762・Hildegard






「『ギルタブリル』」


 背中を突き破り伸びる、私の背骨を変質させた、激毒滴る七本の尾。

 加えて、本来は下肢のみ覆う甲殻が黒鎧と混ざり合い、全身を包む。


 ただし顔は別。私の美貌を隠すなんて世界規模の損害だし。


「『九重ノイン』」


 次いで『空想イマジナリー力学ストレングス』を最大まで重複。

 完全な一点集中。この状態でいる間は他所に力場を纏わせられず、制御に多量の思考リソースを持って行かれるため、精微な想像も難しい。

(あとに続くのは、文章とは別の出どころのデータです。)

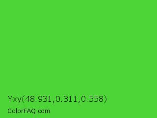 Yxy 48.931,0.311,0.558 Color is a normal green color and the nearest color is Lime Green #32cd32. Hex code #4dd436 and RGB value is rgb(77,212,54). In RGB color space, this color is composed of 30% red, 83% green, 21% blue, In CMYK color space, this color is composed of 64% cyan, 0% magenta, 75% yellow , 17% black , In HSL color space, this color has a hue angle of 111° , 65% saturation and 52% lightness.
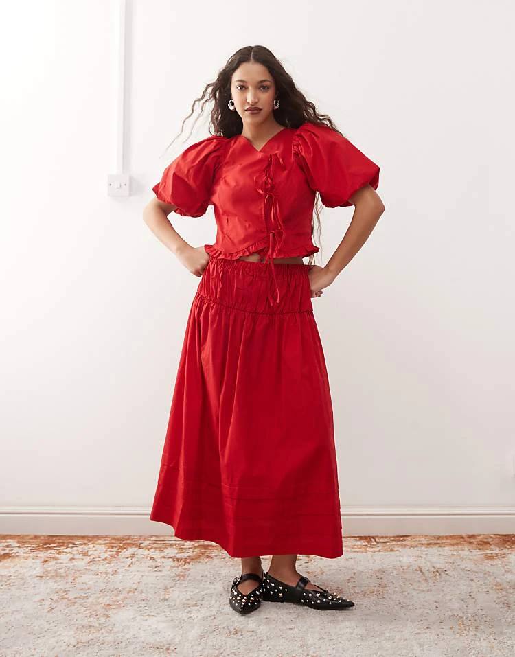 Reclaimed Vintage Cotton Co-ored Set In Red
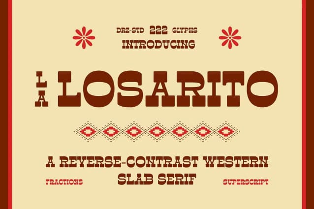 La Losarito Font is a font that draws inspiration from traditional vintage-Mexican design elements. It embodies a blend of cultural heritage and artistic craftsmanship, evoking a nostalgic feel while being suitable for contemporary uses. The font typically features bold, decorative letterforms with intricate detailing that reflect Mexican folk art and typography. La Losarito stands out for its ability to convey a sense of history and tradition, making it a popular choice for designers looking to infuse their work with cultural richness and visual appeal.
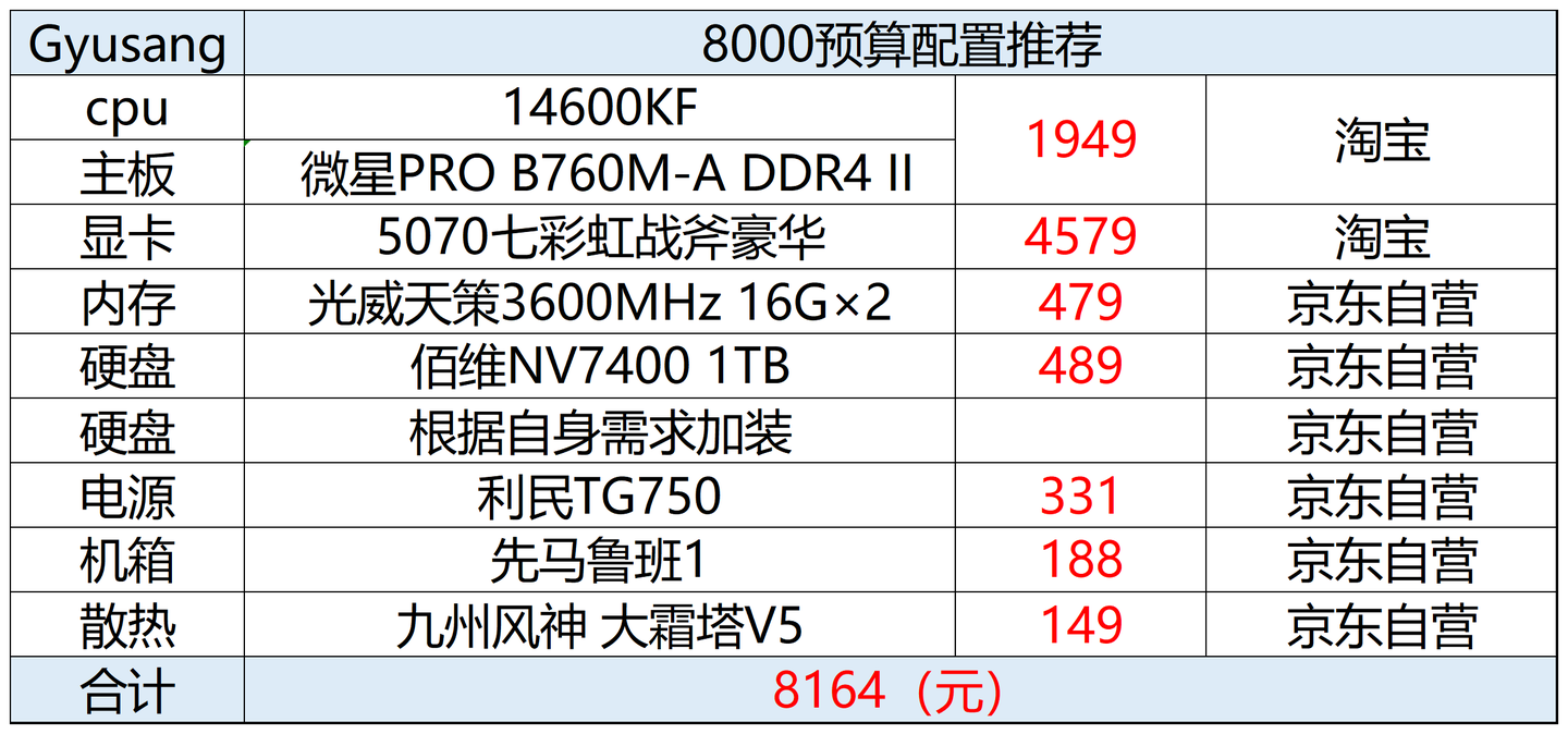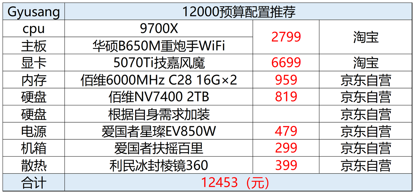 14000预算可以9700X+5080,其他就标配 32G+2TB 内存和硬盘,佰维的性价比很高,850W PCIe5.0电源,也是性价比型号。

 けど代わりに、月彦の『深度・参』にも並ぶ出力を行使可能。

 尤も彼同様に光速以上で自由自在と動き回るには情報処理速度が足りないけど──そこら辺も、ちゃんと対策済み。


「三番回路接続。目標設定」


 嫌いだった童話になぞらえ、私自身で名付けたスキル『ヘンゼルの月長石』。

 望む場所、物品、相手へ至る最善の経路を示す、語るに及ばず非戦闘系の異能。


 ──ただし、これまた語るに及ばず、どんなチカラも使い方次第。

 その勘案と研鑽を怠るほど、愚かじゃない。


「四秒後、肉体操作権を移譲」


 私の演算装置には、ある隠し球が備わってる。


 基軸に『ヘンゼルの月長石』を据え、スキルが示す通りにノータイムで身体を動かす、つまるところの自動操縦オートパイロット

 例え私自身が認知出来ない領域の速度であろうと、勝手に対処してくれる優れもの。


 その中で最も高い戦闘能力を誇る奥の手こそが、三番回路。


 深層クラスのマシナリー系クリーチャーが稀に落とすドロップ品を使い、インドと中国の技術者に作らせた指先サイズのスパコン。

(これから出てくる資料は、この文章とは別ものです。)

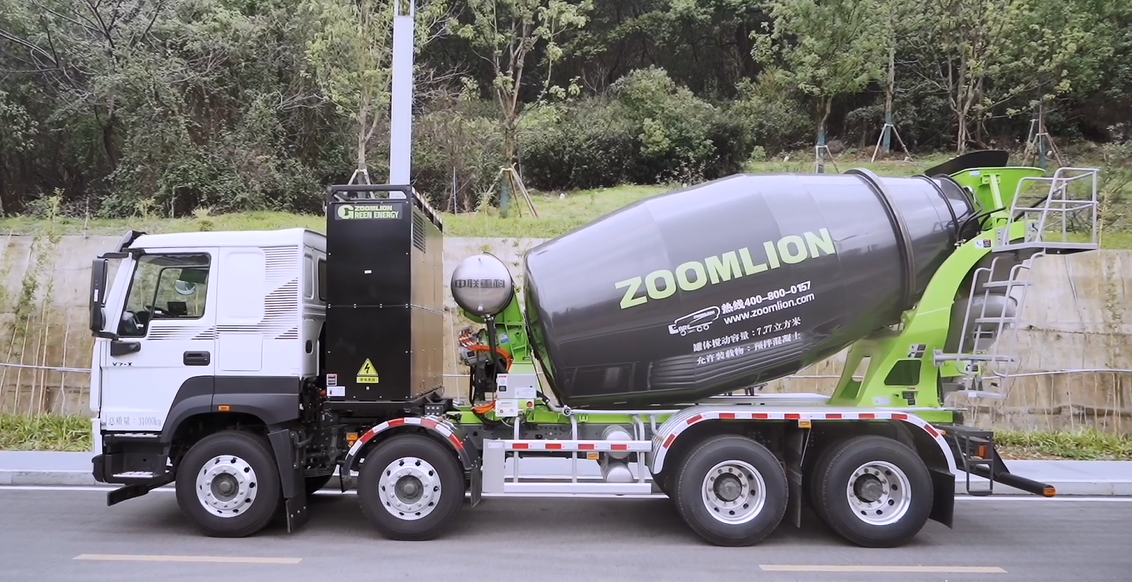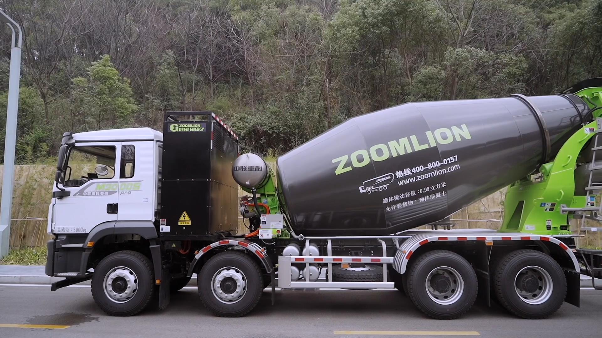 ▲中聯(lián)重科打造的輕量化純電動(dòng)攪拌車(chē)
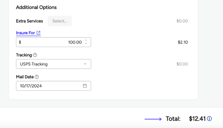 Mail Date: The mail date will always default to the date you are creating your postage. If you’re planning on mailing another day, be sure to change the mail date.

 そいつを脳へ組み込み、更に神経の半分を義体化させることで実現した機構。


 数億ユーロもの大枚を叩いたし、違法手術を受けるため姉さんに紹介された闇医者がヤブで術後三日は生死を彷徨ったけど、相応のリターンは得ている。


 連邦大統領の年齢下限撤廃、及び私を選出させるべく貯めてた賄賂の力、篤と味わえ。


「──モーントシュタイン・システィーム、起動」


 カチリと、頭蓋の中で音が鳴った。






 重力、慣性、他諸々を無視した、滅茶苦茶な軌道。

 私の識覚で御せる一線など、遥か踏み越えたスピード。


「痛い痛い肋骨折れた! まだ生身の内臓が潰れそう!」


 三番回路は絶大な戦闘能力を発揮する反面、肉体的負荷への配慮を欠いた諸刃の剣。

 加えて『九重ノイン』の維持にも相当な消耗を強いられる。ぐずぐずと長引かせたら、敵の強さ云々以前に自滅は必至。


 故に初撃でカタをつける。

 狙うは当然、頸。


「チィッ!」


 ツキヒコの樹鉄刀も受け止める『ギルタブリル』の尾が、あっさり千切れ飛んだ。

 一本。二本。三本。割り箸じゃないっての。


「でも!」


 何が起きているかも掴めぬままボロボロとなりつつ、月長石を頼りに行き着く終着点。

 六腕を振り上げた蚩尤の懐、喉元。


 鋏の刃を合わせるが如く、左右から石剣を振り抜いた。


「よし──ッ!?」


 殺った。

 そんな確信を抱きかけた刹那、背筋に氷柱を差し込まれたような怖気が伝う。


 のは、半ば偶然で、今日一番の幸運だった。


「──え」


 衝撃波で吹き飛ばされた身を捩り、体勢を立て直し、見とめた姿に瞠目する。


 首を喪い、ゆっくり崩れ落ちる蚩尤。

 それの傍らで、全く同じ姿をしたバケモノが、私を睨め付けていた。